769. Max Chunks To Make Sorted

You are given an integer array arr of length n that represents a permutation of the integers in the range [0, n - 1].

We split arr into some number of chunks (i.e., partitions), and individually sort each chunk. After concatenating them, the result should equal the sorted array.

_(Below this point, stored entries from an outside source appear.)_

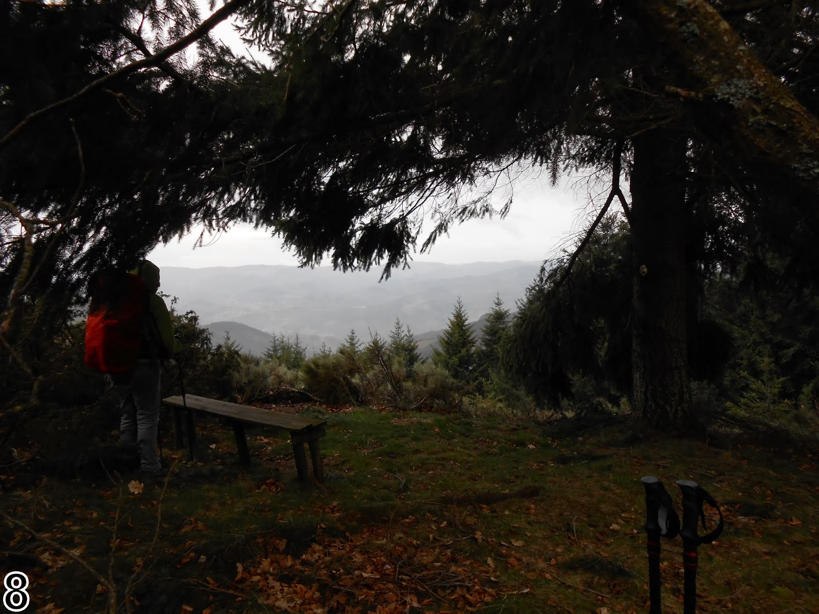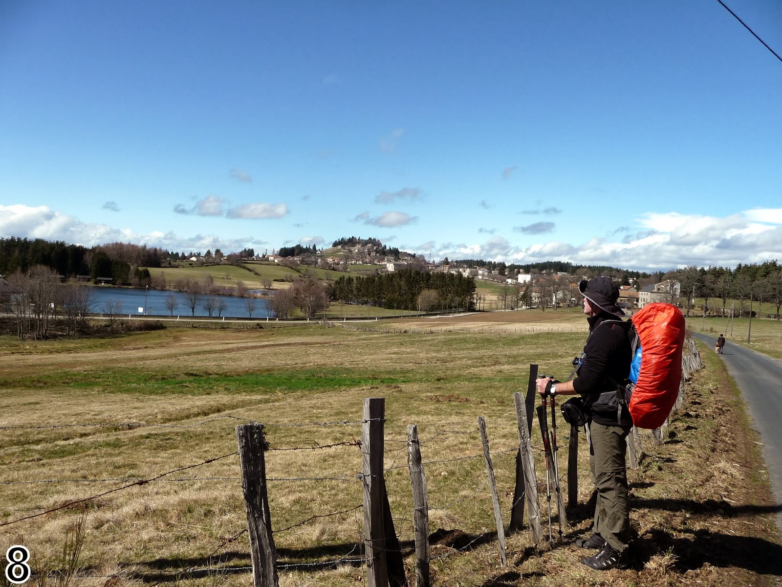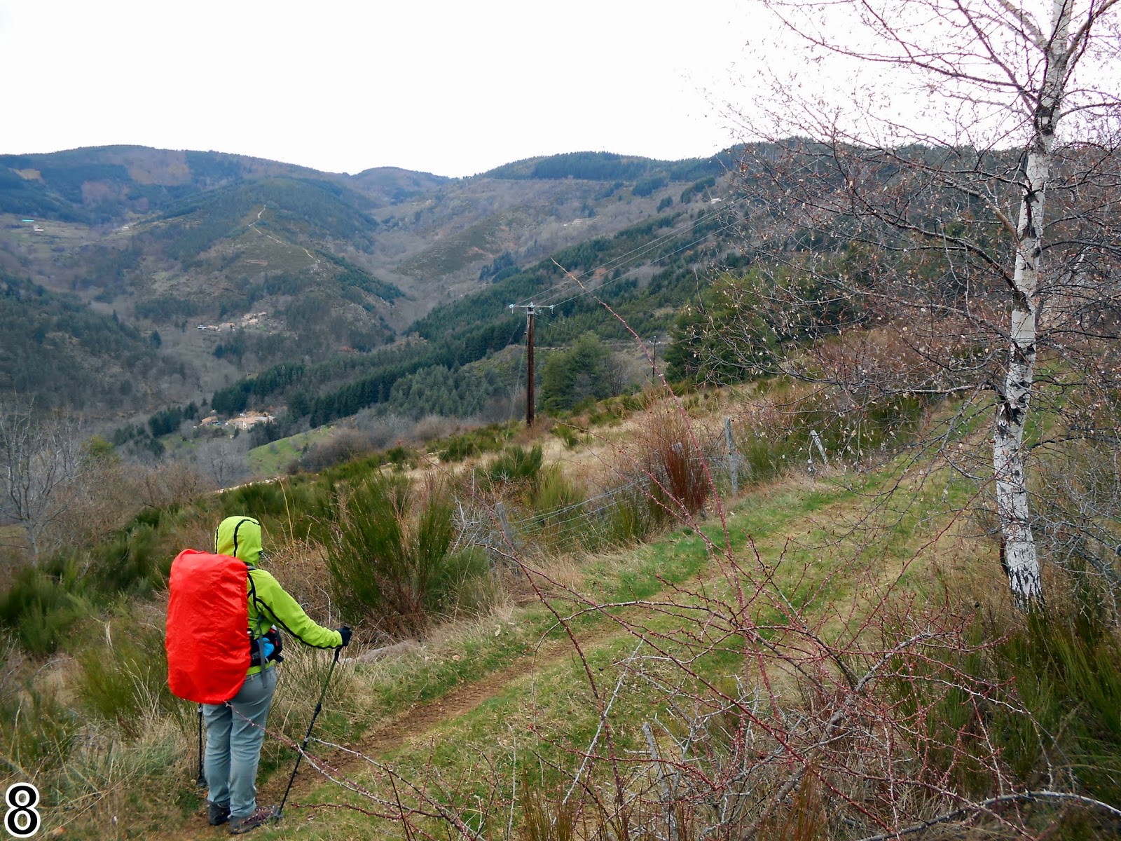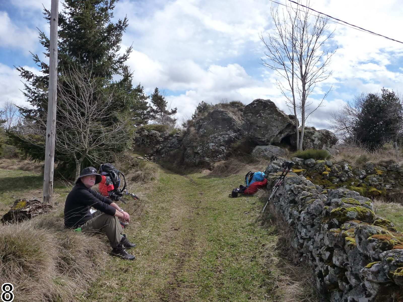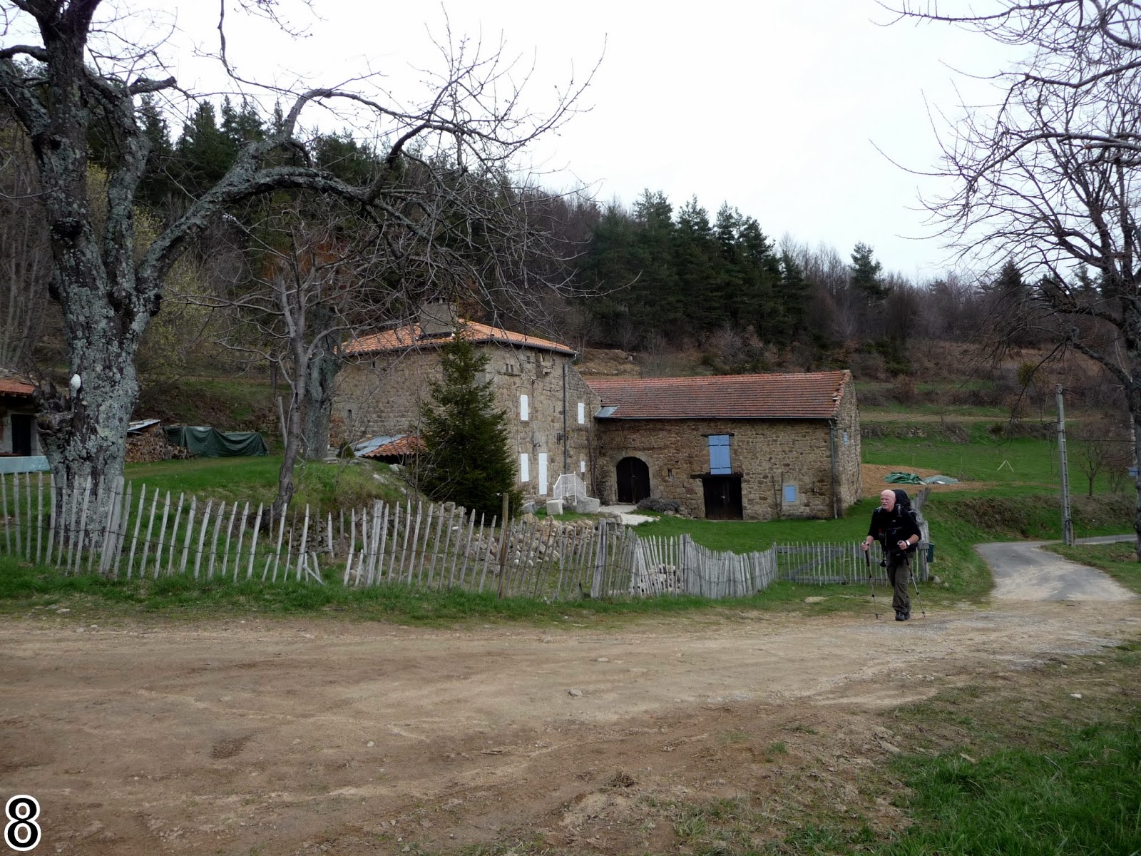 Nous cheminerons ensuite par des passages en forêts de résineux, des sentiers très aérés avec de très beaux paysages et de bons dénivelés : parti de 680 m à près de 1200 m. Le temps frais entrecoupé de giboulées sera à l'image de ce parcours varié ! Près d'une chapelle "de hameau" nous trouverons un thermomètre marquant 2°. Se rapprochant de St Agrève le vent du nord vient chasser cette grisaille et l'on finira l'étape sous le soleil.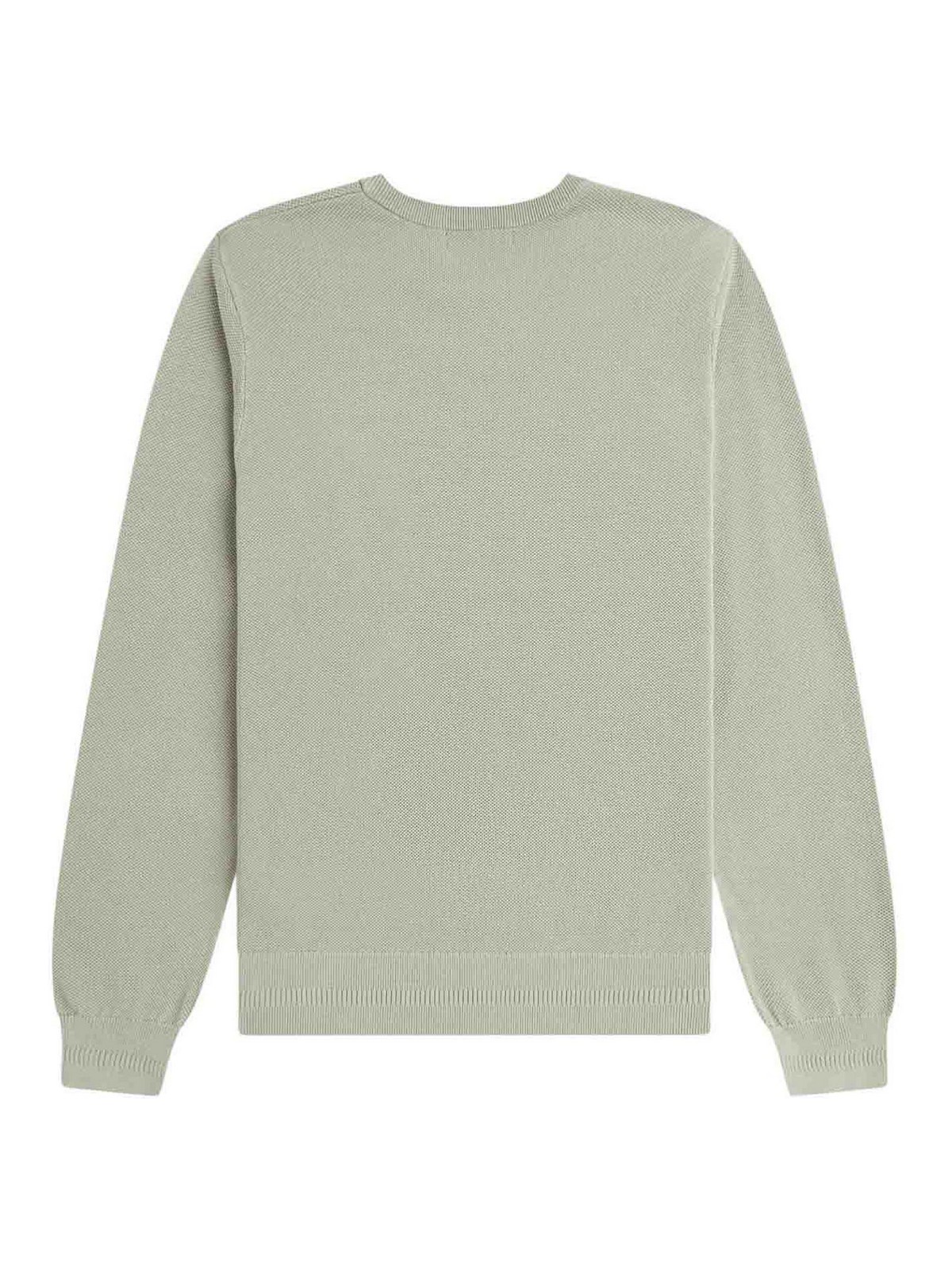Fred perry seagrass piqu sweater, crew-neck sweater made of pure cotton with piqu stitch, the same high-performance fabric used for the brand's iconic polo shirts. the compact and breathable structure ensures comfort and definition, maintaining a clean and sporty aesthetic. the essential design is completed by the classic crew neck and the mixed ribbed details on the cuffs and hem, which guarantee a stable and comfortable fit. the laurel wreath embroidered on the chest signs the garment with the unmistakable Fred Perry identity., piqué stitch cotton crew neck cuffs and hem with mixed ribbed detail laurel wreath embroidered on the chest regular fit, fabric composition: 100% cotton, washing instructions machine wash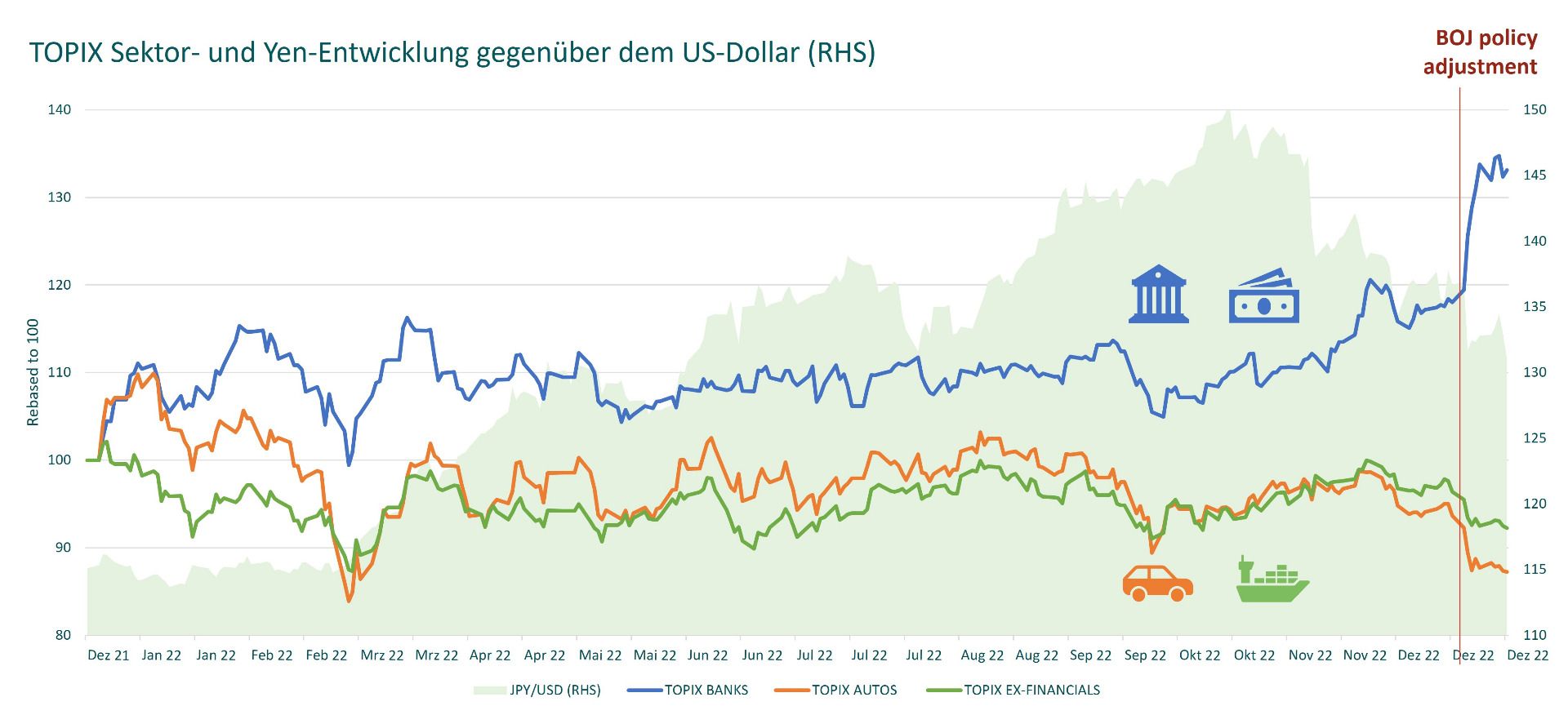 Die exportorientierten Unternehmen konnten ihre Gewinne im Jahr 2022 sehr deutlich steigern (und von einer schwächeren Währung profitierten). Dennoch schnitten sie schlechter ab als der breite Markt. Wir glauben, dass dies auf die Sorgen der Investoren um die Weltwirtschaft zurückzuführen ist. Die Banken dagegen erzielten eine deutlich bessere Wertentwicklung, noch bevor die BOJ ihre Geldpolitik straffte (Abbildung 5).

Return the largest number of chunks we can make to sort the array.

Example 1:

Input: arr = [4,3,2,1,0]
Output: 1
Explanation:
Splitting into two or more chunks will not return the required result.
For example, splitting into [4, 3], [2, 1, 0] will result in [3, 4, 0, 1, 2], which isn't sorted.

Example 2:

Input: arr = [1,0,2,3,4]
Output: 4
Explanation:
We can split into two chunks, such as [1, 0], [2, 3, 4].
However, splitting into [1, 0], [2], [3], [4] is the highest number of chunks possible.

Constraints:

• n == arr.length
• 1 <= n <= 10
• 0 <= arr[i] < n
• All the elements of arr are unique.

Approach 01:

#include <vector>
#include <climits>
#include <algorithm>
using namespace std;

class Solution {
public:
    int maxChunksToSorted(vector<int>& arr) {
        int chunksCount = 0;
        int maxElement = INT_MIN;

        for (int currentIndex = 0; currentIndex < arr.size(); ++currentIndex) {
            maxElement = max(maxElement, arr[currentIndex]);
            if (maxElement == currentIndex) {
                ++chunksCount;
            }
        }

        return chunksCount;
    }
};

class Solution:
    def maxChunksToSorted(self, arr):
        chunksCount = 0
        maxElement = float('-inf')

        for currentIndex in range(len(arr)):
            maxElement = max(maxElement, arr[currentIndex])
            if maxElement == currentIndex:
                chunksCount += 1

        return chunksCount

• Iterating Through the Array:
  • The array arr is iterated once, and for each element, the maximum value up to the current index is calculated using the max function.
  • This operation takes \(O(n)\) time, where \(n\) is the size of the input array.
• Overall Time Complexity:

  The total time complexity is \(O(n)\), as the array is traversed once, and each operation within the loop is \(O(1)\).

Space Complexity

• Input Storage:
  • The input array arr requires \(O(n)\) space.
• Auxiliary Variables:
  • Two integer variables, chunksCount and maxElement, are used, which require \(O(1)\) space.
• Overall Space Complexity:

  The total space complexity is \(O(1)\), as the extra space used does not depend on the size of the input array.